SUPPLIED DATA Block Start
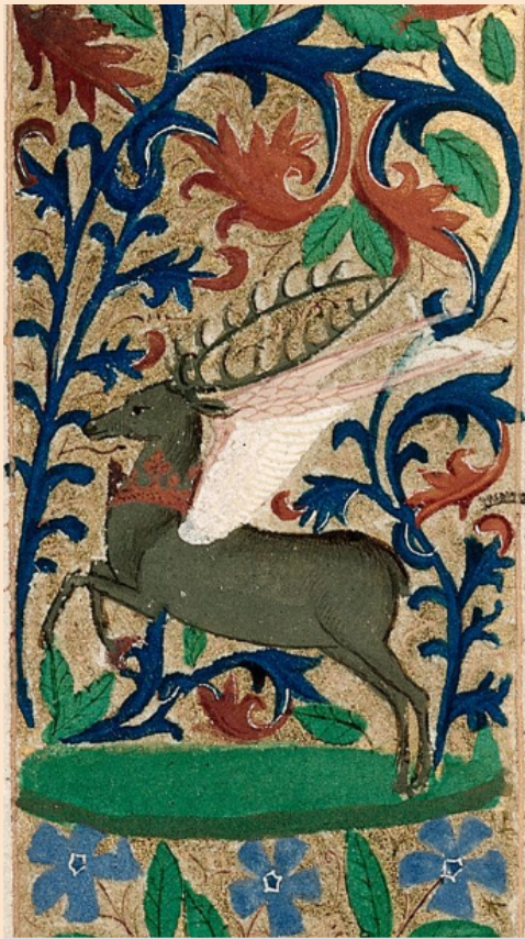
Winged deer with forget-me-nots, from Jean Froissart, Chroniques, Netherlands (Bruges), c. 1470-1472
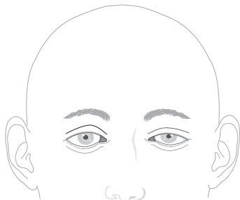
Patient has ptosis in his right eye

ptosis Drooping or displacement of the upper eyelid, caused by paralysis, muscle problems, or outside mechanical forces. Synonym(s): blepharoptosis.
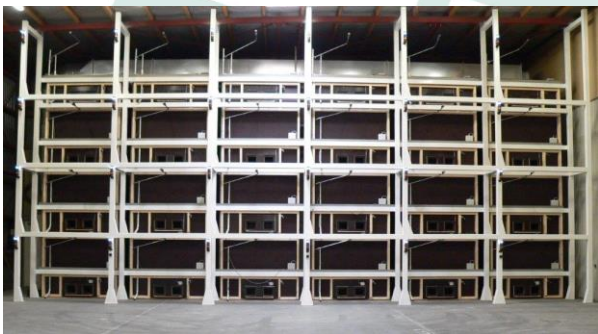
Example installation without boxes
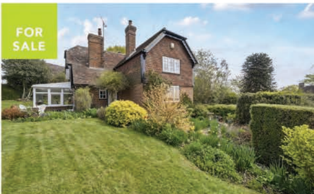
Mill Street, Iden Green, Guide Price £770,000
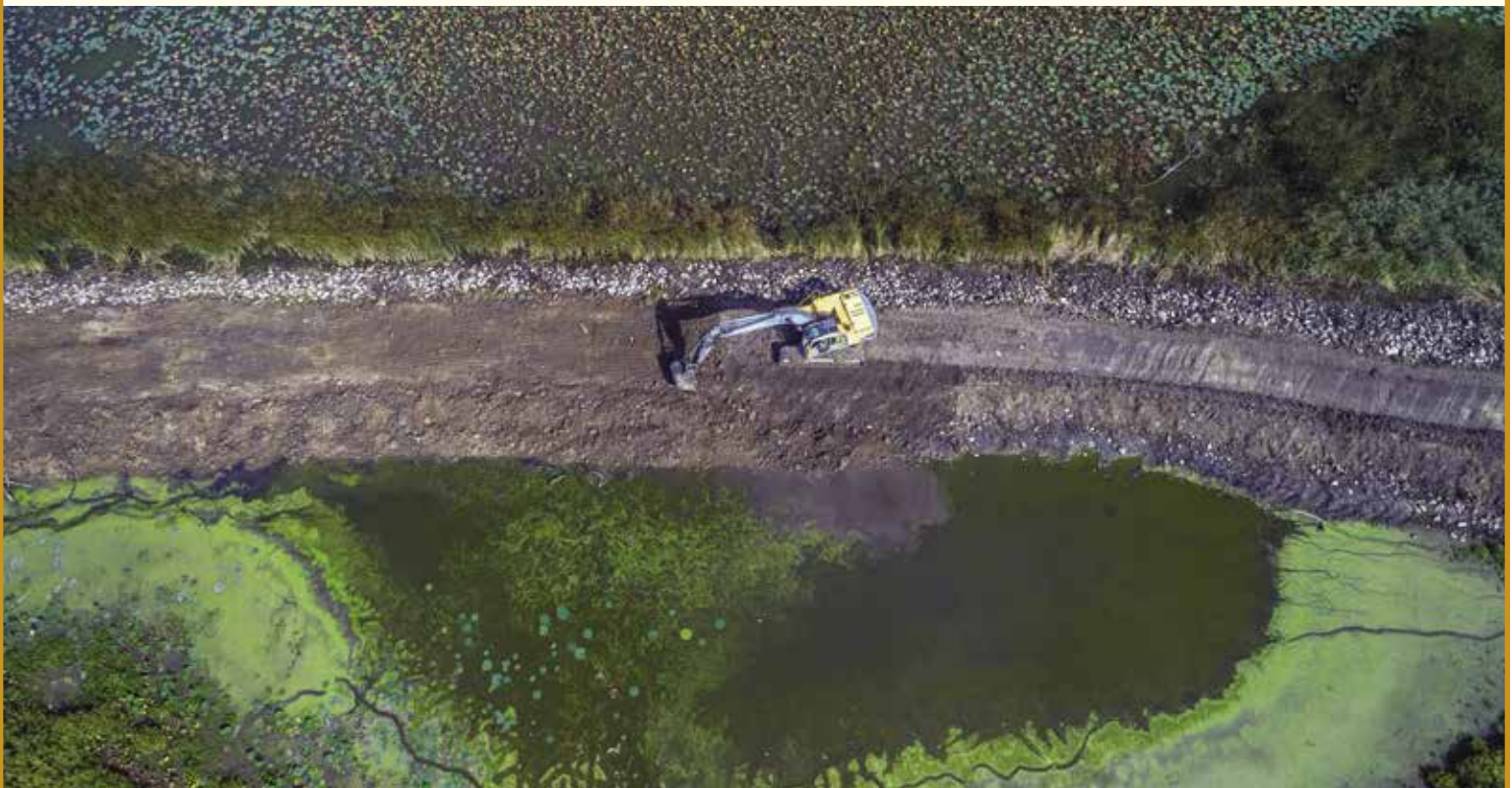
#59 Construction at Toussaint Wildlife Area Coastal Wetland Enhancement & Fish Passage Project
SUPPLIED DATA Block End
■ REQUIRED WORK: Pictures stay out of this copy. Retype exactly the lines from the one with "Mill Street, Iden Green, Guide Price £770,000" through the last line of the data, both ends included, and nothing more.

■ TASK ANSWER:
Mill Street, Iden Green, Guide Price £770,000
#59 Construction at Toussaint Wildlife Area Coastal Wetland Enhancement & Fish Passage Project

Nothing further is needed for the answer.